Perhaps 't was Love; he, who, with tears,
Would show how fair a face appears;
As, after storm, the sky's more blue,
A wildflower 's fairer for the dew.

524

MIRIAM

What better praise for all her ways
Than that all days her ways illume?
Such brightness as the maiden year
Knows, when God's kindness seems as near
As flowers whose wisdom 's but to bloom.
Hers the deep hair: a face more fair
Than roses June sets blossoming:
The sunshine of her gladness gleams
In bloom-bright lips and cheeks, and dreams
Upon her throat's soft coloring.
Her voice is sweet as birds that greet
With song the coming of the light:
The serious happy gleam that lies
In the dark lustre of her eyes
Is as the starlight to the night.
Beyond the sea such girls as she
It was whom Titian loved to paint,
With calm Madonna eyes, and hair
Rich auburn; robed in gold and vair,
Fair as the vision of a saint.

525

THE SUMMER SEA

Over the summer sea,
When the white-eyed stars look pale,
And the moonbeams make a trail
Of gold through the waves for me,
I turn my ghostly sail
Away, away,
And follow the form I see
Over the summer sea.
Over the misty sea,
Ere the cliff which highest soars
From the billow-beaten shores
Reddens all rosily,
Where the witch-white water roars,
Far on, far on.
Through the foam she beckons me
Over the summer sea.
Over the haunted sea,
When the great, gold moon low lies
On the rim of the western skies,
'Twixt the moon, she comes, and me,

526

And gazes in my eyes;
Low down, low down,
'Twixt the orbéd moon and me,
Over the summer sea.
Deep in the bitter sea,
Wilt thou drag me down, O sweet?
Down, down! from hair to feet
Filled with thee utterly?
Against thy heart's wild beat?—
At last! at last!
Wilt drag me down with thee,
Deep in the summer sea?

527

FINALE

So let it be. Thou dare not say 'twas I!—
Here in life's temple, where thy soul can see,
Look where the beauty of our love doth lie,
Shattered in shards, a dead divinity!—
Approach: kneel down: yea, render up one sigh!
This is the end. What need to tell it thee!
So let it be.
So let it be. Care, who hath stood with him,
And sorrow, who sat by him deified,—
For whom his face made comfort,—lo! how dim
They heap his altar which they can not hide,
While memory's lamp swings o'er it, burning slim.—
This is the end. What shall be said beside?
So let it be.

528

So let it be. Did we not drain the wine,
Red, of love's sacramental chalice, when
He laid sweet sanction on thy lips and mine?
Dash it aside! Lo, who will fill again
Now it is empty of the god divine!—
This is the end.
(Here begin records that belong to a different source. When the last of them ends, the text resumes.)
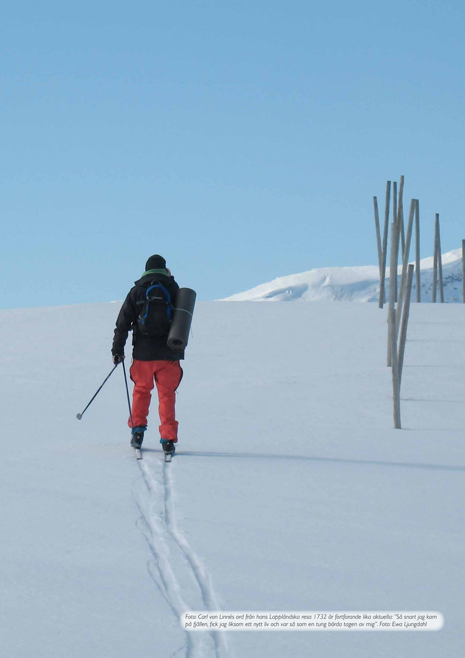
Foto: Carl von Linnés ord från hans Lappländska resa 1732 är fortfarande lika aktuella: "Så snart jag kom på fjällen, fick jag liksom ett nytt liv och var så som en tung börda tagen av mig". Foto: Ewa Ljungdahl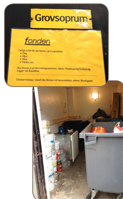
Grovsoprum på Södermalm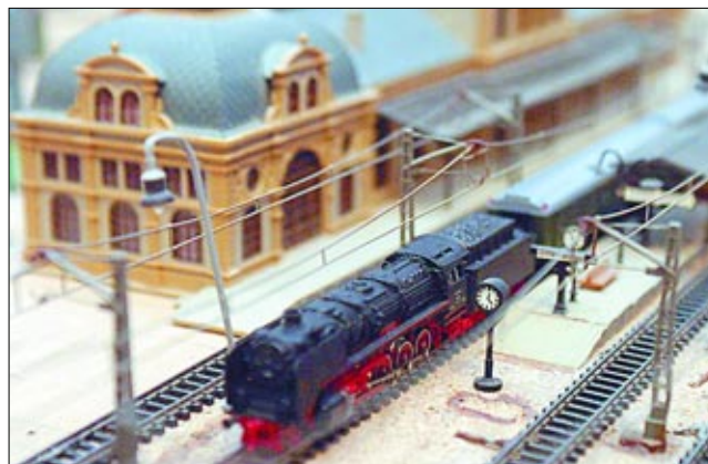
Una de las máquinas de vapor de la colección de Luis Cortés en la maqueta

presentación de lo que tuvimos circulando por nuestras vías. En otros países de Europa, como Suiza o Alemania, conservan muchas en diferentes exposiciones y algunas las usan todavía, por ejemplo para subir a las montañas».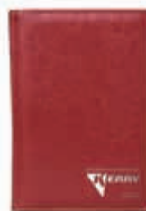
KR-R-090 Ежедневник KERRY

Yea, let us say Amen.
So let it be.

529

CONCLUSION

The songs Love sang to us are dead:
Yet shall he sing to us again,
When the dull days are wrapped in lead,
And the red woodland drips with rain.
The lily of our love is gone,
That graced our spring with golden scent:
Now in the garden low upon
The wind-stripped way its stalk is bent.
Our rose of dreams is passed away,
That lit our summer with sweet fire:
The storm beats bare each thorny spray,
And its dead leaves are trod in mire.
The songs Love sang to us are dead:
Yet shall he sing to us again,
When the dull days are wrapped in lead,
And the red woodland drips with rain.

530

The marigold of memory
Shall fill our autumn then with glow:
Haply its bitterness will be
Sweeter for love of long-ago.
The cypress of forgetfulness
Shall haunt our winter with its hue:
Its apathy to us not less
Dear for the dreams love's summer knew.